Forsaken continuously evokes a mask gradient that replicates this action, with safeguards to slow down or halt this process in order to avoid catastrophic forgetting of non-target data.

The advantages of the system are that it is applicable to many kinds of existing neural networks, whereas recent similar work has enjoyed success largely in computer vision networks; and that it does not interfere with model training procedures, but rather acts as an adjunct, without requiring that the core architecture be altered or the data retrained.

Restricting The Effect

Deletion of contributed data can have a potentially deleterious effect on the functionality of a machine learning algorithm. To avoid this, the researchers have exploited norm regularization, a feature of normal neural network training that is commonly used to avoid overtraining. The particular implementation chosen is designed to ensure that Forsaken does not fail to converge in training.

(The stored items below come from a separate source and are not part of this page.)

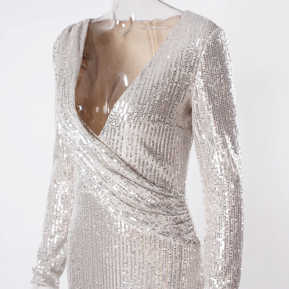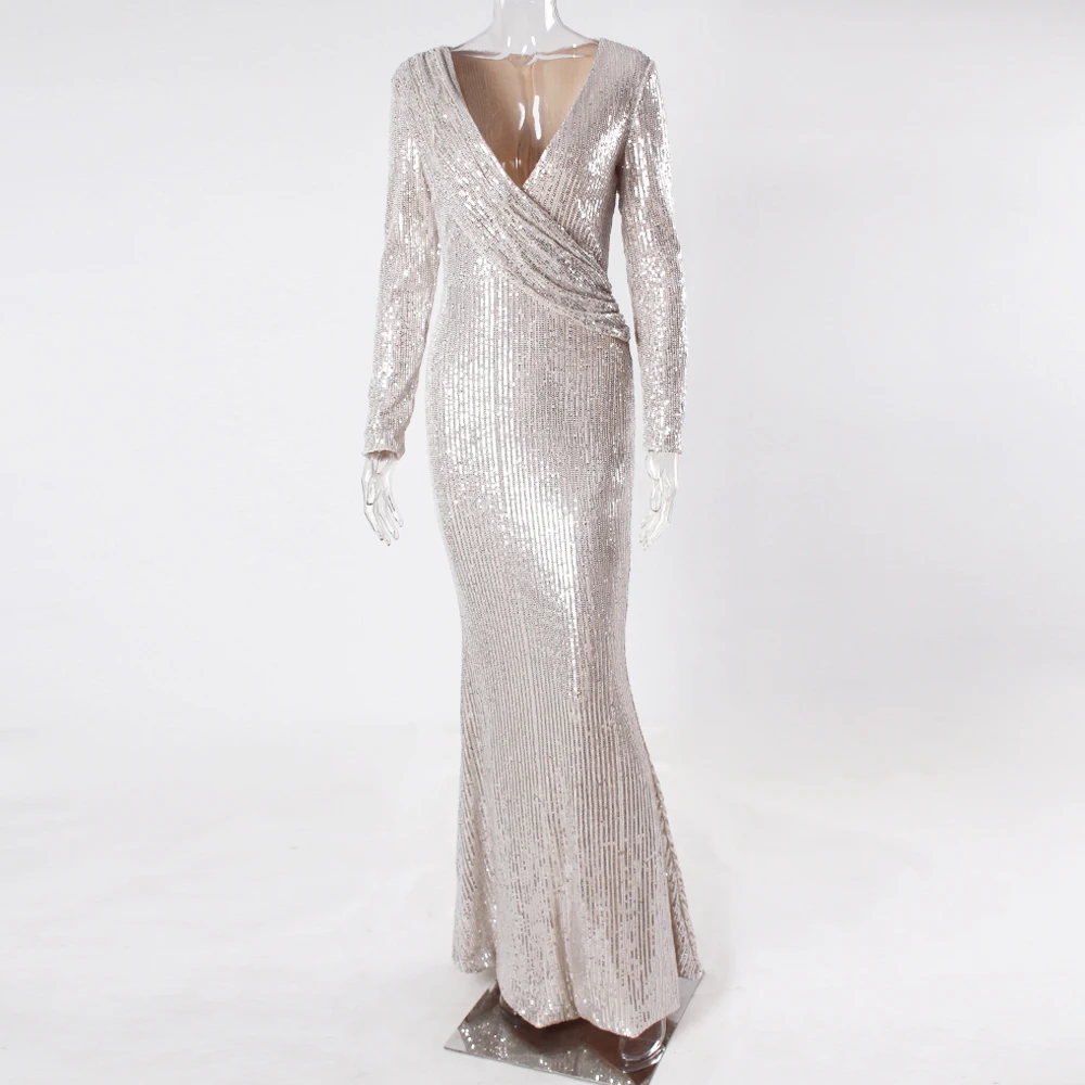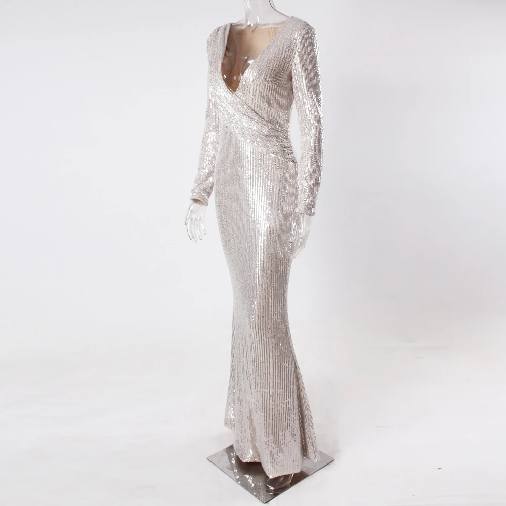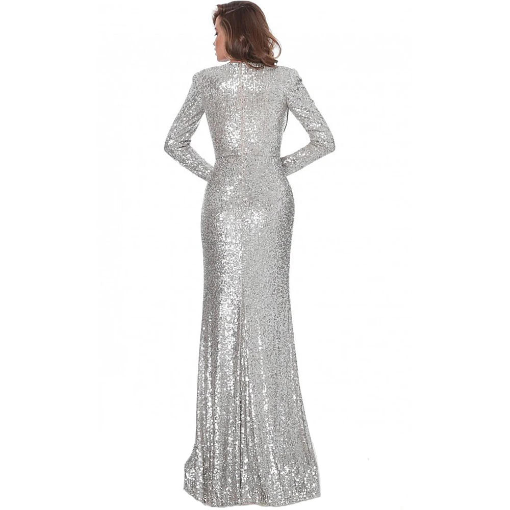 victoria’svogue 2021 Silver V Neck Full sleeved Autumn Winter Evening Party Dress Gown Sequined Stretchy Long Maxi Dress
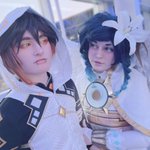 “Later, the stone replied. It dabbed its face with its handkerchief, saying: Your performance was indeed unmatched throughout the land. But the next time you get drunk and pour wine on my head, I shall be quite angry.” #zhongven #venti #zhongli #venticosplay #zhonglicosplay
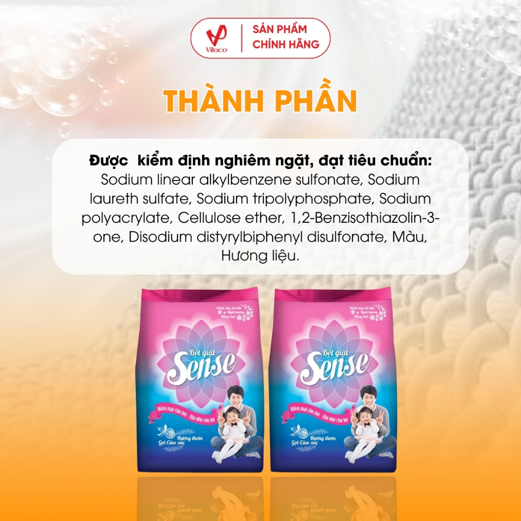 Bột Giặt Sense hương ngọt ngào sử dụng nguyên liệu chất lượng cao, đáp ứng các tiêu chuẩn quốc tế nghiêm ngặt về phân hủy sinh học và an toàn cho môi trường.

To establish a usable dispersal of data, the researchers used out-of-distribution (OOD) data (i.e., data not included in the actual dataset, mimicking ‘sensitive' data in the actual dataset) to calibrate the way that the algorithm should behave.

Testing On Datasets

The method was tested over eight standard datasets and in general achieved close-to or higher forgetting rates than full retraining, with very little impact on model accuracy.

It seems impossible that full retraining on an edited dataset could actually do worse than any other method, since the target data is entirely absent. However, the model has by this time abstracted various features of the deleted data in a ‘holographic' fashion, in the way (by analogy) that a drop of ink redefines the utility of a glass of water.

In effect, the weights of the model have already been influenced by the excised data, and the only way to entirely remove its influence is to retrain the model from absolute zero, rather than the far speedier approach of retraining the weighted model on an edited dataset.